In three separate Orders in the same case, which began as a Chapter 11 and later converted to Chapter 7, the Court looks at the allowance of administrative expenses.
First, the Court held that pursuant to § 365(g)(2)(B)(I), a the rejection of an executory contract must be treated as if it occurred immediately prior to the conversion of the case from Chapter 11. Any claims arising from the rejection of a lease, which had previously been assumed, must be classified as a Chapter 11 administrative expense.
In the second order, the Court held that a payments to the Debtor’s suppliers were made in the ordinary course of business pursuant to 11 U.S.C. § 364(a) and were for the actual and necessary expenses of preserving the estate. As "[p]ayroll taxes are an essential cost of conducting business ... it should never be ordinary or customary for an agent of a debtor to personally provide for their payment." Accordingly, a $15,000 loan to the Debtor for payment of payroll taxes was not allowed as an administrative expense.

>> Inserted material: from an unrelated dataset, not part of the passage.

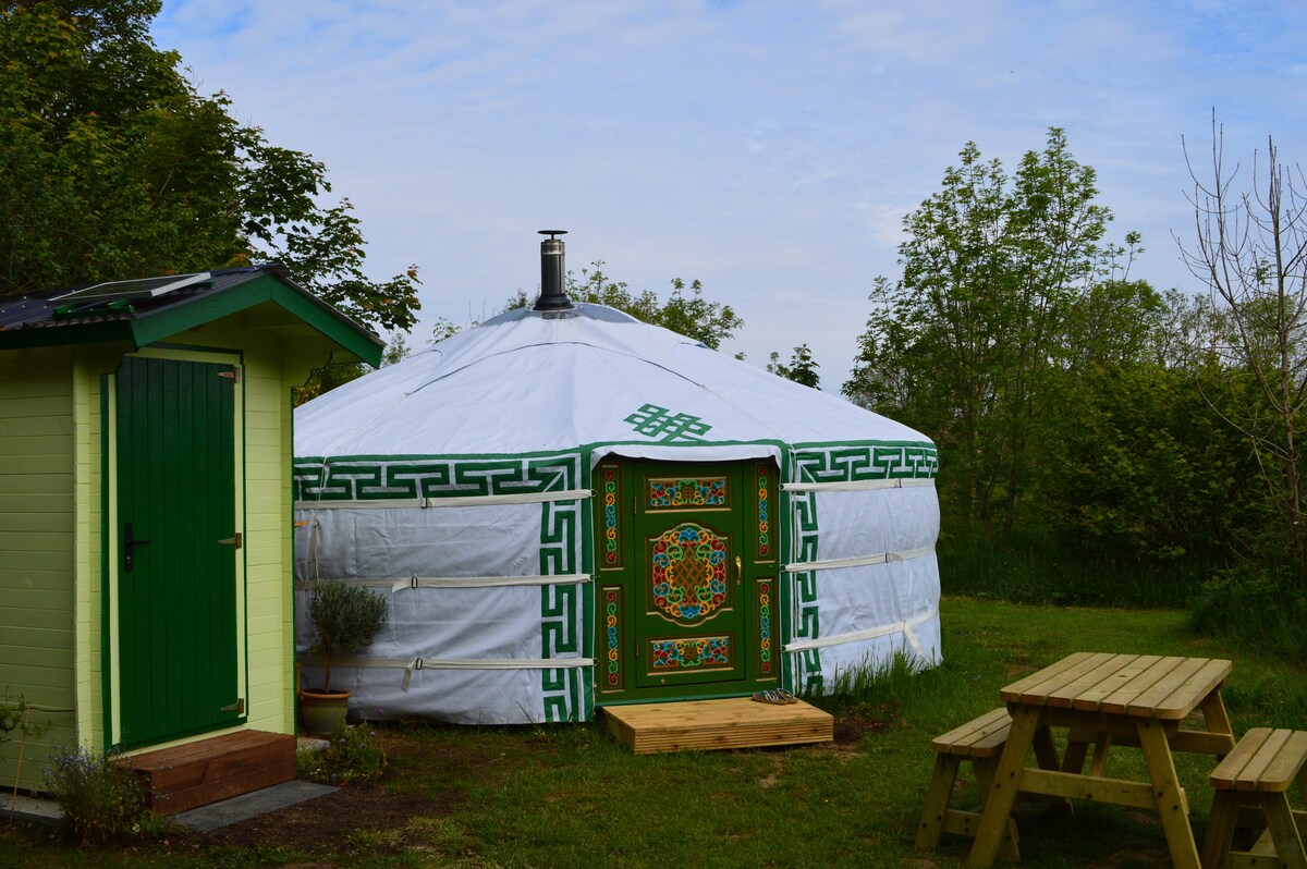 グランピングの空間を満喫してください。6エーカーの敷地に、ヨーロッパの高級ユルト3軒と伝統的なモンゴルのユルトがあります。 ここは忙しい生活から離れてリラックスできる特別な場所です。 ユルトの隣には専用のキッチン、シャワー、トイレがあります。 キングサイズベッド、二段ベッド、ダイニングエリア、テレビ、Wi-Fi、薪ストーブ ユニークなヒッピー風呂、屋外座席、ダイニングスペース、ファイヤーピットがあり、ワインを片手に炎を眺めたり、この暗い空の地域で明るい星を眺めたりできます。

Lastly, the Court allowed a claim by the General Manager for wages as an administrative expense, finding that compensation for his services was an actual and necessary expense for preserving the bankruptcy estate. That notwithstanding, the Court reduced his claim by 50%, finding that the General Manager has provided no evidence of wages received or hours worked. The failure of the re-organization also weighed against him.
It would seem that it would be prudent for salaried employees of corporations in Chapter 11 to maintain hourly billing records, similar to attorneys, if they hope to be compensated if the business later fails to re-organize.